Наконец, настал день моего возвращения. Раны на животе зажили, и я была готова вернуться в мир, уже ставший для меня привычным.
Корабль выглядел так, будто ничего не произошло. Двери и помост заменили, стены отремонтировали. Сразу по прибытию, мы направились в столовую. Ребята подготовились основательно: на потолке висели воздушные шары, на столе стояли свечи, шампанское, вино и самые разнообразные закуски, из которых мне практически ничего было нельзя есть.
— С возвращением, Сафина! — в один голос прокричали они и принялись по очереди обнимать меня.
— Спасибо, ребята! Это очень многое для меня значит.
На своем месте я увидела отдельную тарелку с едой. Все постное, специально для меня. "Да, Эйдан все предусмотрел".
Вечером все разбрелись по комнатам. Сейчас мне хотелось одного: принять ванную и расслабиться. Это я и сделала. Лежа в теплой воде, я услышала, как кто-то вошел в мою комнату.

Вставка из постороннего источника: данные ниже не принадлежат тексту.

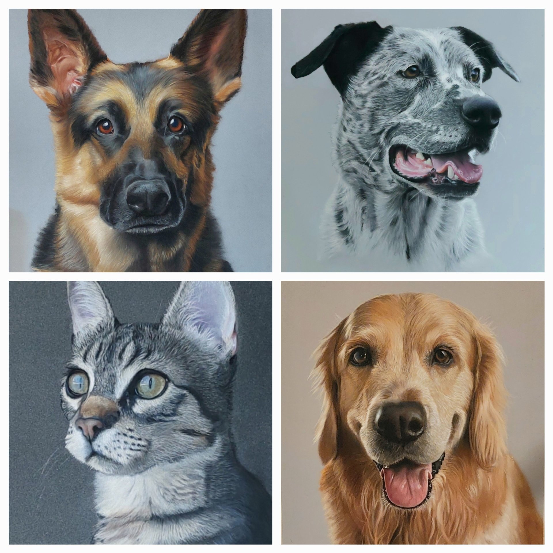 "Ik teken realistische portretten van uw geliefde huisdier met pastelpotlood. Met uw favoriete foto als referentie is mijn doel om de persoonlijkheid van het diermet veel diepte en levendigheid in het portret te vereeuwigen. Zo doe ik eer aan deze prachtige wezens, die ons zoveel liefde en plezier geven. Een levensecht portret is een herinnering om voor altijd te koesteren, ook na het onvermijdelijke afscheid.De reacties van mensen op mijn werk zijn hartverwarmend en raken mij telkens weer. Dit is mijn motivatie voor dit dankbare werk, dat ik heel graag voor u doe".
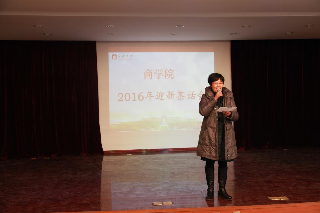 学院党委书记胡亚娥老师在致辞中强调,2016年适逢建校、建院30周年,学院将站在新起点上谋划新的更大发展,希望各位教职工充满信心,携手并进,取得更大的成绩。
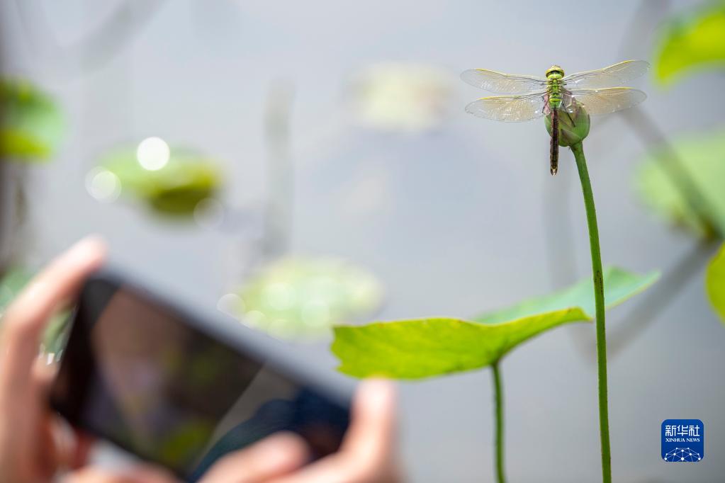 江苏省昆山市开发区青阳港学校的一位老师在拍摄落在小荷苞上的蜻蜓(6月6日摄)。
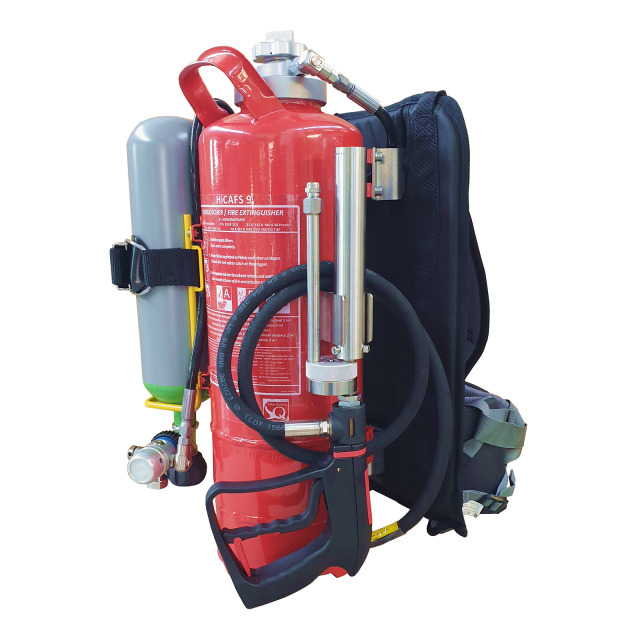 Lieferung einschließlich Rückentrage, 1,5 m Löschschlauch mit HiCAFS Jet-Pistole, Erstfüllung mit Löschmittelkonzentrat

— Это я, — не дожидаясь вопроса, ответил любимый голос.
— Я скоро выйду!
— Не спеши!
Я закрыла глаза и вдруг меня осенило. Нужно срочно привести себя в порядок! Ведь, возможно, мы именно сегодня займемся тем, что должны были сделать еще месяц назад! Все те тридцать минут, что я возилась в ванной, Эйдан терпеливо ждал меня за стеной. "Черт! Кроме любимой пижамы я ничего с собой в ванную не взяла! Что делать?" Идея не заставила себя ждать. Я просто замоталась в полотенце и в таком виде вышла к нему.
В комнате было довольно темно. Эйдан лежал на кровати, закинув руки за голову. Я медленно подошла и легла рядом. К моему удивлению, он, похоже, собирался просто заснуть. Я демонстративно не стала укрываться одеялом, и прильнула к нему.
— Что ты делаешь?
— А на что это похоже?
— На провокацию. Ты еще слаба для этого.
— Неужели? — тихо проговорила я и, вскочив со своего места, тут же села на него сверху. Он напрягся всем телом, развел руки по сторонам и ухватился за одеяло. Я знала, что в этом поединке у него нет шансов.
Я запустила руки под его рубашку и подняла ее вверх. Его мышцы непроизвольно заиграли под руками, подрагивая от моих прикосновений. Я наклонилась и поцеловала его живот. Потеревшись носом о теплую кожу, я проложила дорожку из поцелуев к его груди. Отыскав сосок, я аккуратно обвела его языком, слегка прикусила и тут же поцеловала.
Эйдан издал звук, напоминающий рык, и в следующее мгновение я уже лежала под ним, прижатая к матрацу. Он быстро разделся, развернул и выдернул из-под меня мое полотенце. Затем привстал на коленях и замер.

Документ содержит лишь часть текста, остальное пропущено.